Following his active racing career, Cayard remained closely involved in professional sailing through advisory, leadership, and governance roles. In 2007, he participated in the 2007 America's Cup as a technical advisor to Desafío Español 2007 and also provided television commentary for the 2007 Louis Vuitton Cup and the 2007 America's Cup for La7, the Italian broadcast rights holder.
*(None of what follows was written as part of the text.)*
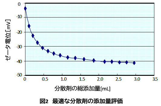 ゼータ電位のもう1つの用途は、分散剤の最適添加量の見極めである。分散剤の総添加量に対するゼータ電位のグラフにおいて、ゼータ電位が横ばいになった時点を、粒子表面が完全に分散剤で覆われた状態と判断する。図2に、アルミナ分散液に高分子電解質分散剤を添加した際のゼータ電位の測定結果を示す。この試料においては、約2.5 mLの添加後からゼータ電位がほぼ横ばいになっているため、最適添加量は約2.5 mLであるといえる。 非イオン物質による分散制御の場合も、粒子への吸着によりゼータ電位の絶対値が小さくなるため、ZetaProbeで最適添加量の見極めが可能である。

Later that year, he was appointed sports director for Desafío Español for the 33rd America's Cup.

In the same period, Cayard and Russell Coutts announced the creation of the World Sailing League (WSL) in partnership with Portuguese sports promoter João Lagos. Although the series was ultimately not held, the initiative reflected broader efforts to expand professional sailing into a global, commercially focused format. During the 33rd America's Cup, Cayard also served as a commentator for Eurosport.

In 2009, Cayard joined Artemis Racing, owned by Torbjörn Törnqvist, where he served as skipper of the Louis Vuitton Trophy team and as tactician aboard the TP52 Artemis.

He also helmed the RC44 Katusha on the RC44 Championship Tour from 2010 to 2012.

From 2019 to 2020, Cayard served as chairman of the board of the St. Francis Yacht Club. He is an ambassador for Rolex and the One Ocean Foundation.

Cayard was appointed vice president of the International Star Class Yacht Racing Association (ISCYRA) in 2020. His tenure as executive director of the U.S. sailing team concluded in February 2023. In 2023, he was elected president of ISCYRA, succeeding Tom Londrigan. Of his sailing achievements, Cayard has identified his victory at the 1988 Star World Championship as his most personally significant.

==Awards==
- Inducted into the National Sailing Hall of Fame in 2011.
- Inducted into the Bay Area Sports Hall of Fame in 2020
- Inducted into the America's Cup Hall of Fame in 2025.
- Named 1991 Yachting Magazine Yachtsman of the Year
- Named 1992 Rothmans Yachtsman of the Year
- Named 1998 US Sailing Rolex Yachtsman of the Year
- Named 2025 US Sailing Rolex Yachtsman of the Year

==Personal life==
Cayard married Icka Petterson, daughter of Swedish sailor Pelle Petterson, in 1985, and the couple had two children together. They divorced in 2010.

Cayard is a member of several international yacht clubs, including the St. Francis Yacht Club, the San Francisco Yacht Club, Yacht Club Costa Smeralda, and Yacht Club de Monaco.

He speaks English, French, and Italian. He also holds a pilot certification with an instrument rating for both single- and multi-engine aircraft.